Case
Um Porsche de 1988 sob análise de dados
Não queria mais um projeto com dataset de Fórmula 1. Escrevi um decodificador para a telemetria que o Gran Turismo 7 transmite pela rede, gravei 15 voltas com um Porsche 962C e passei a ter um dataset que ninguém tinha antes.
O ponto de partida
Gosto de corrida e queria estudar dados disso. O caminho óbvio era baixar um dataset de Fórmula 1, e foi exatamente por isso que não fui por ele: aquele dado já passou pela mão de todo mundo, e o projeto ia acabar sendo uma reprodução de meia dúzia de tutoriais.
Aí lembrei de uma coisa que eu já sabia por outro motivo. O Gran Turismo 7, no PS5, transmite o estado do carro pela rede local em tempo real. Eu já tinha usado um aplicativo que lia esses dados durante as corridas.
Se um app consegue ler, eu consigo escrever o meu. E aí o dataset deixa de ser baixado e passa a ser um experimento que eu desenho.

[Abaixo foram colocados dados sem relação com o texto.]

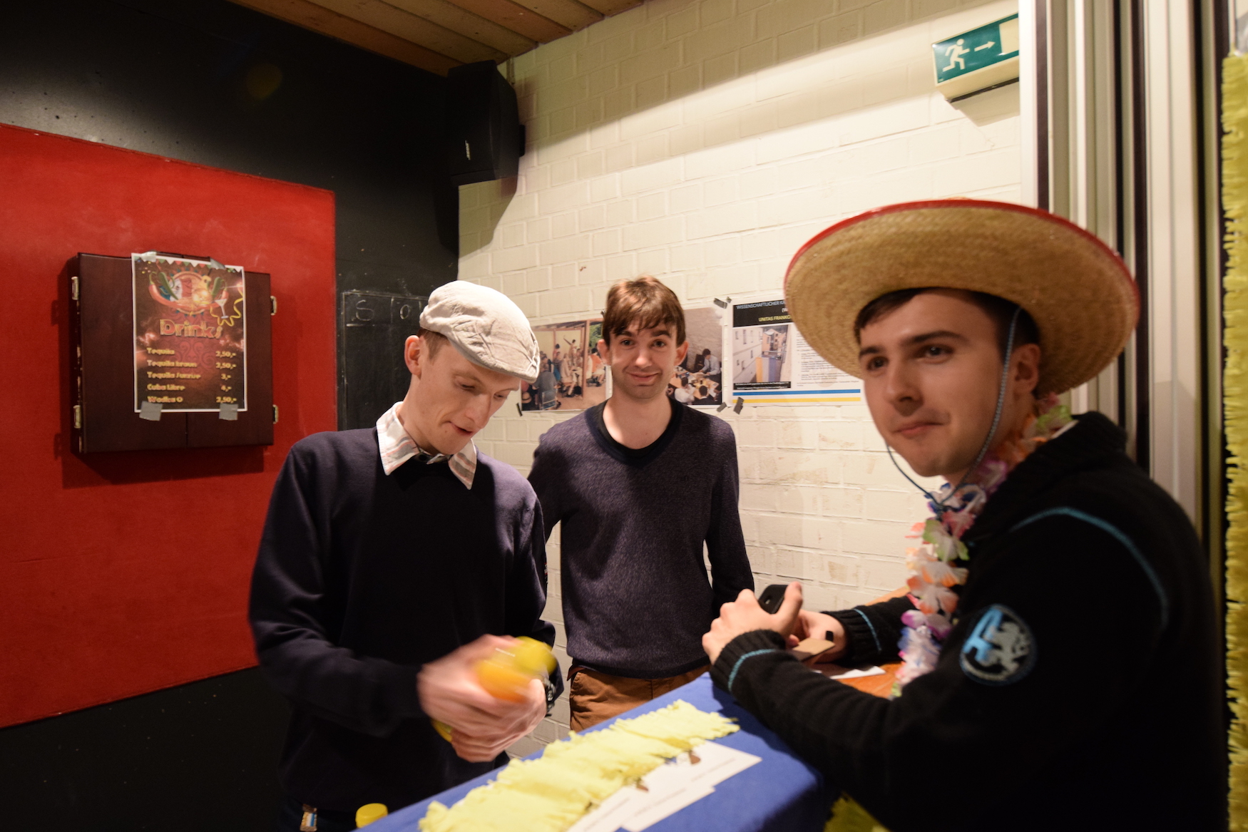 An einem Tag manifestierten sich gleich alle drei unitarischen Prinzipien – Virtus, Scientia und Amicitia, wonach wir unser Denken und Handeln ausrichten. Immerwährend sind sie für uns Wegweiser im Leben. Feuer und Flamme loderten am Dienstag, 17. Nov. 2015 im Studententreff „Theke“ ab 21:00 Uhr. Die erfrischenden Cocktails und Longdrinks kühlten die vom mexikanischen Lebensgefühl erhitzten „Motoren“ der Barkeeper und Partygäste ab, während würzige Snacks an den kulinarischen Hauch Mexikos erinnerten. Die Dekoration wurde nicht nur auf die Farben Grün-Weiß-Rot reduziert, sondern auch die Farbgebung der Bar-Abdeckung und die Servietten dienten als Hommage an die kraftvollen unitarischen Farben Blau-Weiß-Gold.
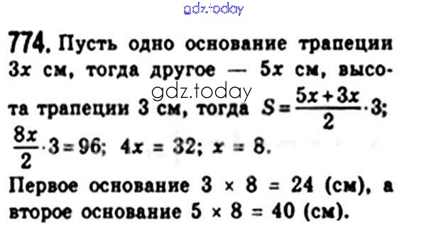 Ответы к § 23. Площадь трапеции Решение. Глава 4. Многоугольники. Площадь многоугольника 774 Учебнику по Геометрии для 8 класса Мерзляк, Полонский Вентана-граф Алгоритм успеха 2015
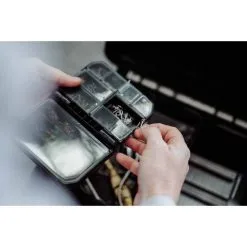 Keep your tackle essentials by your side with the Meiho Versus VS-318DD folding tackle box. This box features a folding lid design with 5 removable dividers, and is a great storage solution for any essential bit of tackle. The spring loaded design also keeps everything tidy when you’re on the go; you’ll never have to worry about a messy tackle box ever again. A great compact box made in Japan from the team at Meiho Versus.
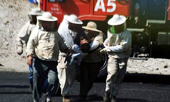 ![]() 養(yǎng)蜂人在救助傷者(報道此事的電視畫面截圖) 中國日報網(wǎng)環(huán)球在線消息:綜合英美媒體報道,9月28日,土耳其南部高速公路上發(fā)生了一起轉(zhuǎn)運蜜蜂的廂式貨車與大卡車相撞事故。由于運蜂車的車廂被毀,成千上萬只蜜蜂逃出來后逢人便蜇,場面甚為恐怖。事故共造成一人死亡數(shù)十人受傷,這也再次提醒人們:馬蜂窩的確捅不得。 事故發(fā)生后,原本在廂式貨車內(nèi)負(fù)責(zé)照看蜂箱的兩個人被困在了里面無法出來。聞訊趕來的車輛救援人員、警察、醫(yī)護(hù)人員和養(yǎng)蜂人一起,共用了一個多小時才最終將兩人抬出。此時,兩人全身早已趴滿了蜜蜂,被蜇得體無完膚。送院后,由于其中一位18歲的年輕人傷勢過重,再加上蜂毒的綜合作用,不治身亡。 另有20多位前往救援的人也被蜇傷并需要治療,其中3位傷勢較重,需要特別護(hù)理。 “成千上萬只蜜蜂從車廂里逃了出來,它們一旦發(fā)現(xiàn)移動著的目標(biāo)便群起而攻之。我自己也被蜇了好幾次,”當(dāng)?shù)匾患彝ㄓ嵣绲挠浾邉P南?居爾比茲說。居爾比茲是最早前往事發(fā)地點進(jìn)行報道的媒體工作者之一。 “當(dāng)我到達(dá)那里的時候,有一個人正躺在地上。為了擺脫叮在他身上的蜜蜂,他把衣服都脫掉了,但是蜜蜂很快又布滿了他的身體,就連救援人員都無從下手。他被抬到救護(hù)車上以后,蜜蜂又追蹤到了車?yán)?,還把一位護(hù)士也蜇傷了,”居爾比茲說。 救護(hù)車抵達(dá)醫(yī)院后,醫(yī)生們不得不首先對車輛和人員進(jìn)行消毒,然后才能開始動手實施救治。蜂群也緊跟著救護(hù)車來到了醫(yī)院,醫(yī)生們一邊用布塊驅(qū)趕著蜜蜂一邊對傷者進(jìn)行治療。 養(yǎng)蜂人穆拉特?喬班說:“有朋友打電話告訴我們出了事故,并要求派人幫忙,我們找到了10個養(yǎng)蜂人乘車前往,那里總共有500至600箱蜜蜂。”他們趕到事發(fā)地點后,先用水柱驅(qū)趕蜜蜂,后來又在旁邊生起了煙火,試圖熏走蜜蜂。歷時4個多小時后,蜂群終于被徹底驅(qū)散。 其間,當(dāng)?shù)亟煌ň觳坏貌辉谑掳l(fā)路段用擴音喇叭提醒過往司機關(guān)閉車窗,以防蜜蜂鉆進(jìn)車內(nèi)蜇人。盡管如此,仍有不少行人未能幸免,有的被蜇傷后干脆改變了行車路線,直奔醫(yī)院接受治療。 養(yǎng)殖蜜蜂是土耳其南部地區(qū)的一項重要產(chǎn)業(yè)。發(fā)生撞車事故的運蜂車本來是在返回家鄉(xiāng)的路上,此前這位養(yǎng)蜂人就在附近森林里放養(yǎng)蜜蜂。 (環(huán)球在線:柳洪杰)
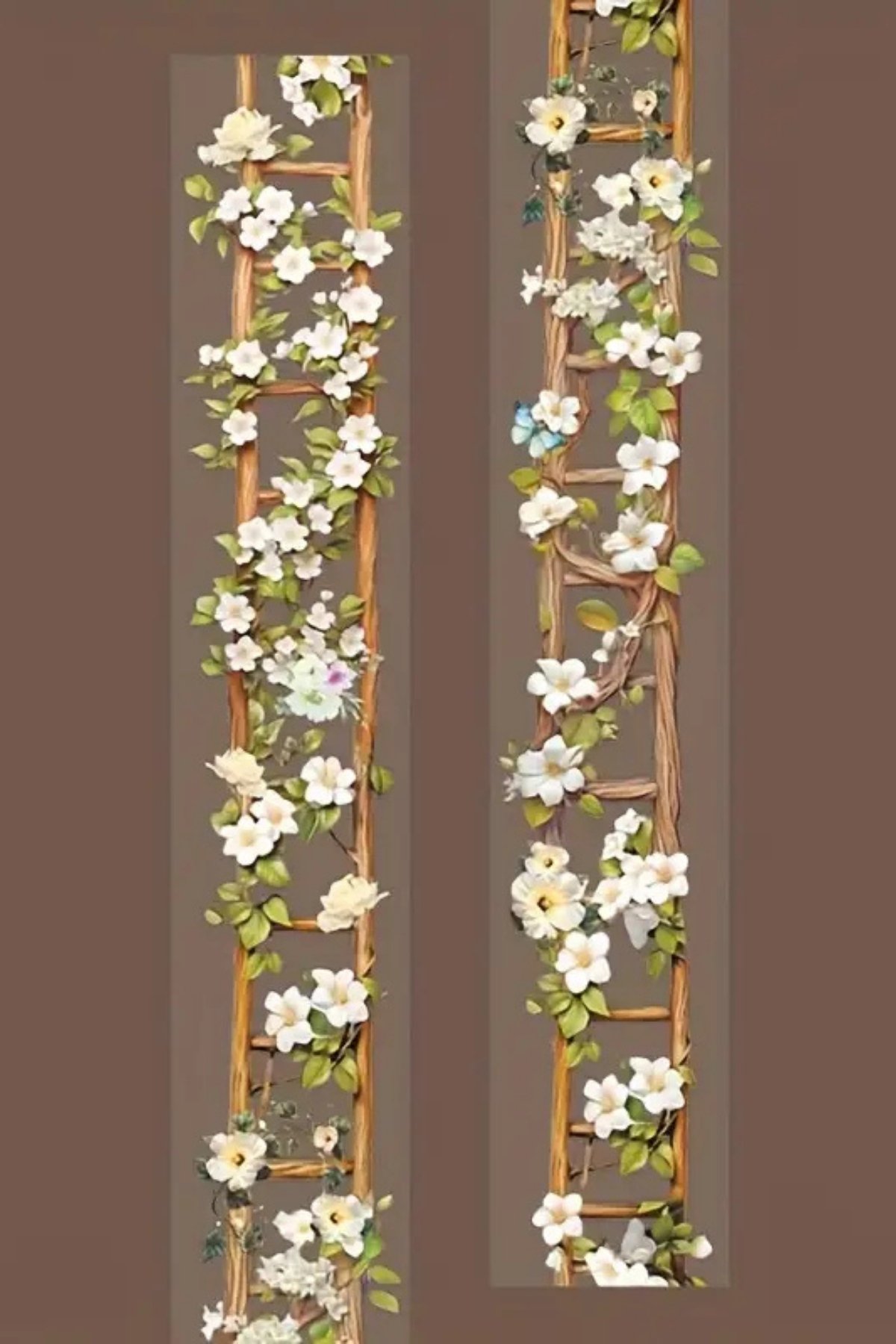 Şeffaf Beyaz Çiçek Merdiven Tema Pet Bant Rulo 4cmx2m Scrapbook Bullet Journal Ajanda Washi Tape
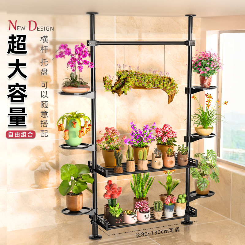 顶天立地花架窗台延伸加宽阳台室内墙角置物架新款 杆飘窗高花架子
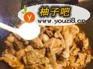 油锅烧至六成熟倒入少许玉米油倒入鸭肉,料酒,生姜大火煸炒几分钟。

A diferença é grande na prática. Com dataset pronto, você aceita as variáveis que alguém escolheu. Gerando o seu, você decide o carro, a pista, o clima, o acerto da suspensão, e pode repetir a sessão inteira mudando uma variável por vez. Vira método experimental em vez de arqueologia.
Como se lê a telemetria
O jogo manda um pacote UDP de 368 bytes, 60 vezes por segundo, criptografado com Salsa20 e sem nenhuma documentação oficial. O formato foi mapeado ao longo de anos pela comunidade do GTPlanet por engenharia reversa.
O trabalho aqui é de leitura de bytes. Os quatro bytes na posição 0x4C são a velocidade em metros por segundo. O byte em 0x90 guarda duas marchas comprimidas em quatro bits cada. A partir de 0x158 vem o tipo de superfície embaixo de cada pneu, o que permite saber quando o carro pisou na zebra ou na grama.
Escrevi o decodificador em Python, com detecção automática da constante de criptografia entre as três conhecidas, validando pelo número mágico do pacote. Cada volta é gravada num arquivo Parquet separado, com 113 colunas por quadro.
A validação que decide se todo o resto presta é simples: a velocidade que o jogo reporta tem que bater com a velocidade derivada do vetor de posição. Se essas duas concordam, os offsets estão certos. O erro mediano ficou em 0,075 m/s.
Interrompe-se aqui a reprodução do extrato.